Composition Patterns

This guide covers how to compose SubAgents into larger workflows: chaining, hierarchical delegation, LLM-powered tools, and orchestration patterns.

Chaining SubAgents

Using with (Recommended)

The idiomatic pattern for sequential chains:

with {:ok, step1} <- SubAgent.run(finder, llm: llm),
     {:ok, step2} <- SubAgent.run(drafter, llm: llm, context: step1),
     {:ok, step3} <- SubAgent.run(sender, llm: llm, context: step2) do
  {:ok, step3}
else
  {:error, %{fail: %{reason: :not_found}}} -> {:error, :no_data}
  {:error, step} -> {:error, step.fail}
end

Benefits:

• Short-circuits on first error
• Pattern matching in else for specific error handling
• Auto-chaining via context: step extracts both return data and signature

Using Pipes (run! and then!)

When you want to crash on failure:

SubAgent.run!(finder, llm: llm)
|> SubAgent.then!(drafter, llm: llm)
|> SubAgent.then!(sender, llm: llm)

then!/2 automatically sets context: to the previous step.
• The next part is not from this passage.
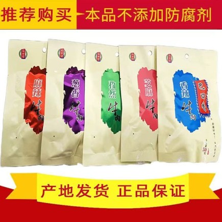 • 商品名称:巴口香牛肉干新疆50g*10袋套餐酱卤麻辣香辣孜然葱香芝麻牛肉零食 包邮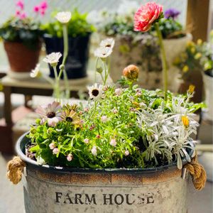カインズでフラワーカート作り ローダンセダムとペチュニアだけ買いラクランジア、オステオスペルマ、スーパーアリッサム、バコパの挿し芽を入れました。 春の寄せ植えが出来ました

Field Description Flow in Chains

When agents are chained, field_descriptions from upstream agents automatically flow to downstream agents. This enables self-documenting chains:

# Agent A defines output descriptions
agent_a = SubAgent.new(
  prompt: "Double {{n}}",
  signature: "(n :int) -> {result :int}",
  field_descriptions: %{result: "The doubled value"}
)

# Agent B receives those descriptions as input context
agent_b = SubAgent.new(
  prompt: "Add 10 to result",
  signature: "(result :int) -> {final :int}",
  field_descriptions: %{final: "The final computed value"}
)

# When chained, agent_b's LLM sees "The doubled value" description for data/result
step_a = SubAgent.run!(agent_a, llm: llm, context: %{n: 5})
step_b = SubAgent.then!(step_a, agent_b, llm: llm)

# Each step carries its own field_descriptions for downstream use
step_a.field_descriptions  #=> %{result: "The doubled value"}
step_b.field_descriptions  #=> %{final: "The final computed value"}

This is useful when building multi-agent pipelines where each agent benefits from understanding what the previous agent produced.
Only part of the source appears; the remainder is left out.